Sorry, but that was just too funny.



Oh, my



Honestly, I'm open to suggestions. Both DH and I grew up in very violent households, and we both have a pretty low threshold for people hurting each other physically. I want DS to know that hitting is not tolerated from ANYONE in the family, not even him. Violence is the only thing we use time-outs for. Everything else we use distraction/redirection/time ins. Even toy time outs when the toy is used inappropriately (for example if it's used to hit sister in the head : )

I guess I just don't know what else to do.
post #18 of 26
I use a modified version of time out similar to time in I guess, in that dd and I both go into another room to calm down if things are getting upsetting for either one of us, but I don't view it as punishment, just a move to a quiet place so we can talk or cuddle.
post #19 of 26
Oh, that is really sad. I can't even imagine taking something that made him so happy and turning it into something used for punishment. I think it's a good idea to pass that book on, mama! It sounds like she needs it.
post #20 of 26
Quote:
Originally Posted by Joannarachel View Post
Oh, my



Honestly, I'm open to suggestions. Both DH and I grew up in very violent households, and we both have a pretty low threshold for people hurting each other physically. I want DS to know that hitting is not tolerated from ANYONE in the family, not even him. Violence is the only thing we use time-outs for. Everything else we use distraction/redirection/time ins. Even toy time outs when the toy is used inappropriately (for example if it's used to hit sister in the head : )
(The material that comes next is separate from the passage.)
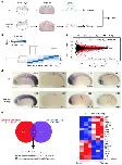 Figure 2 Identification of Etv6 direct transcriptional targets in the somites. a Experimental design. RNA-seq was performed on wild type (WT) and Etv6-deficient (etv6 MO-injected embryos) somite explants dissected from stage 22 embryos. Differentially expressed genes (DEGs) were identified by comparing the transcriptome of these tissues. b Spearman correlation analysis on triple biological RNA-seq replicates. c MA plot (magnitude of the difference versus amplitude of the signal) showing the fold-change in gene expression of all genes in WT versus Etv6-deficient somites (log2FC) compared to their expression levels (log2CPM). Black dots, non-significant change; red dots, differentially expressed genes (DEGs). The number of positively and negatively regulated DEGs is indicated. d WISH showing the expression of DEGs in stage 22 WT and Etv6-deficient embryos. Meox2 expression is upregulated in the somites (arrows) in Etv6-deficient embryos whereas expression of crim1, sox18 and vegfa is downregulated. Note that vegfa expression in the hypochord is unaffected (arrowheads). Embryos are shown in lateral view with anterior to the left and dorsal to the top. Numbers in top right corner indicate the number of embryos exhibiting the phenotype pictured (scale bars: 0.5âmm). e The intersection between DEGs and genes harbouring Etv6 ChIP-seq peaks in their TSS region reveals 540 putative direct target genes. f Foxo3 and klf4 (arrows), known transcriptional regulators of vegfa, are amongst the 18 TFs and chromatin modifiers identified as potential direct transcriptional targets of Etv6 |

I guess I just don't know what else to do.
I understand about the violent household, but I guess I'd want to look at your definition of violence. Little kids hitting/acting out is not violence. It's age appropriate, although difficult, behavior. a la spitting out food one does not like, rather than making an awful face and swallowing. Your babies are sooo little. They can just be loved up on when they are feeling so bad they hit.